Le mécanisme de substitution entre biens gratuits et biens coûteux est à l’œuvre non seulement dans nos modèles de
consommation, mais aussi dans nos modèles de production. Il est possible de remplacer la confiance dans un salarié par une caméra
ou un surveillant. En 2002, près d’un Américain sur quatre était employé dans un travail de surveillance. Les gens travaillent dans un
climat de défiance et de rivalité qui augmente la production mais provoque une nouvelle détérioration de la confiance, laquelle
favorise à son tour le mécanisme de croissance.
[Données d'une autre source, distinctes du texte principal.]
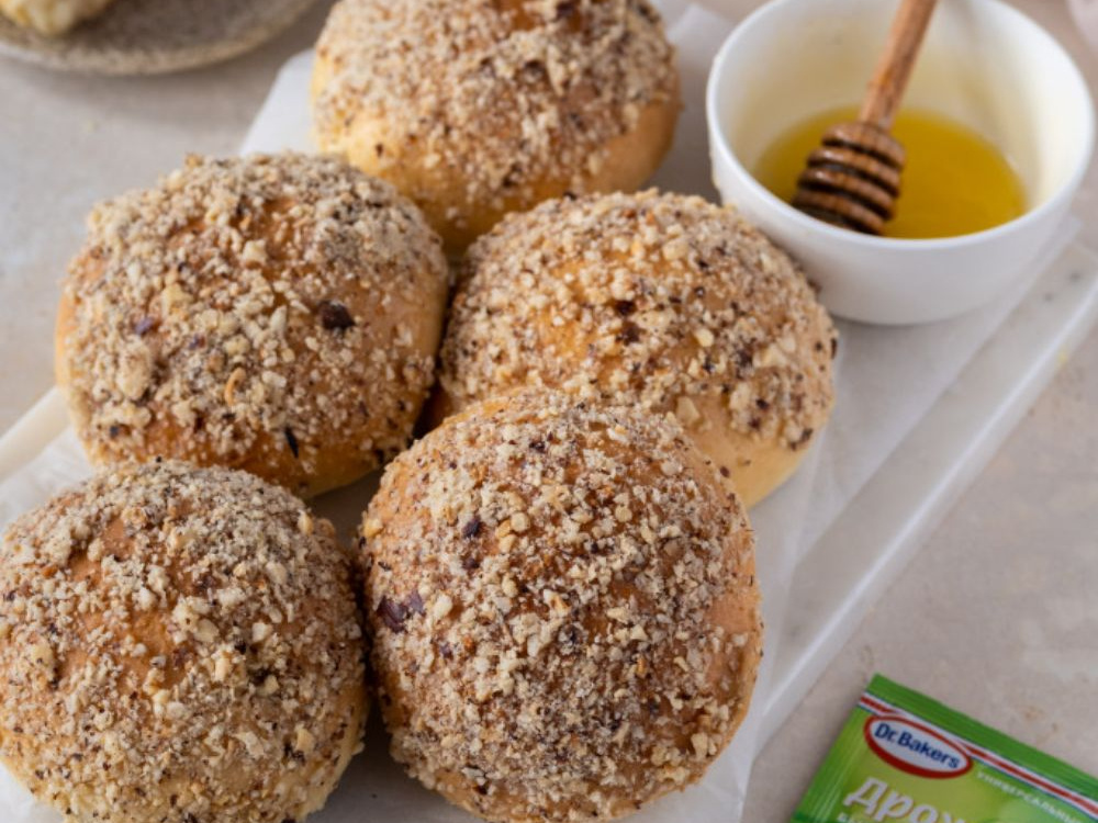 Даём булочкам немного остыть. Покрываем их смесью из мёда (3 ст. л.) и растопленного сливочного масла (20 г) и обваливаем в дроблёных орехах (100 г). Приятного аппетита!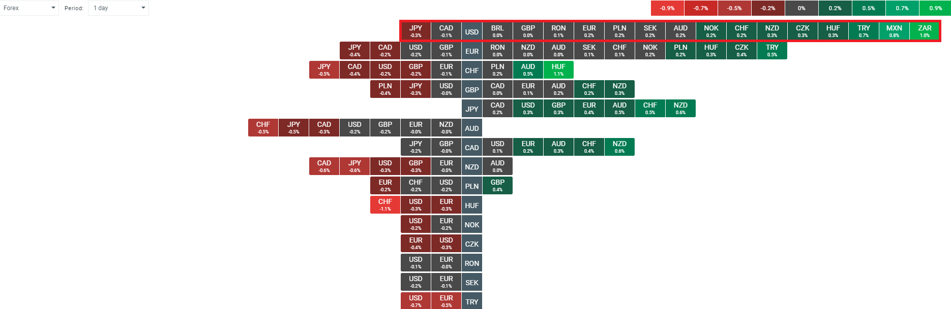 Given the overall solid feel of the data the market has reacted as expected with yields rising along with the US dollar while Gold fell lower. However, the moves have been fairly small and contained so far and a quick look at the heatmap reveals that the USD remains lower against most currencies on the day. Emerging market currencies seem to be the biggest gainers with the ZAR, MXN and TRY leading the way.

On peut considérer que la sociologie est née à la fin du XIXe siècle des inquiétudes provoquées par l’affaiblissement
potentiel d’une communauté victime de l’industrialisation et de la modernité.
2/6) Le modèle américain… à ne pas suivre
« La croissance NEG est la raison pour laquelle les Américains sont devenus plus riches économiquement et, en même
temps, plus malheureux. Le bonheur de l’Américain moyen est celui qui connaît l’évolution la plus défavorable de tout l’Occident : il
est en recul depuis la Seconde Guerre mondiale. Les données objectives sur le bien-être, comme les statistiques relatives aux suicides,
à la consommation de psychotropes ou à l’incidence des pathologies mentales, décrivent une situation pire que celle que suggèrent les
données subjectives. Le phénomène s’explique par l’effet conjugué d’une idéologie de la compétition et d’une propagande intensive
en faveur de la consommation. Les efforts déployés pour accroître la prospérité économique sont annulés par la détérioration des
relations humaines.
En 1994, un échantillon national d’adultes américains a été soumis à une série d’entretiens psychiatriques. Près de la moitié
des personnes interrogées avaient souffert d’au moins un trouble mental au cours de leur existence, et près du tiers avaient connu un
trouble mental au cours de l’année écoulée. Or les individus qui appartiennent aux jeunes générations semblent encore plus exposées
aux maladies mentales. Le jeune américain moyen de 9 à 17 ans présente, sur l’échelle de l’anxiété, un indice qui, en 1957, lui aurait
valu de se retrouver dans une clinique psychiatrique. Le résultat de ce Vietnam psychologique est qu’un nombre record des jeunes
consomment des anxiolytiques et des antidépresseurs. Ils savent aussi se passer des prescriptions médicales en usant de drogues et
d’alcool.
Les Etats-Unis constituent l’exemple à ne pas suivre. Or, au cours des dernières décennies, nous sommes devenus de plus en
plus américains ! La Grande-Bretagne particulièrement a connu une dégradation significative de la qualité relationnelle.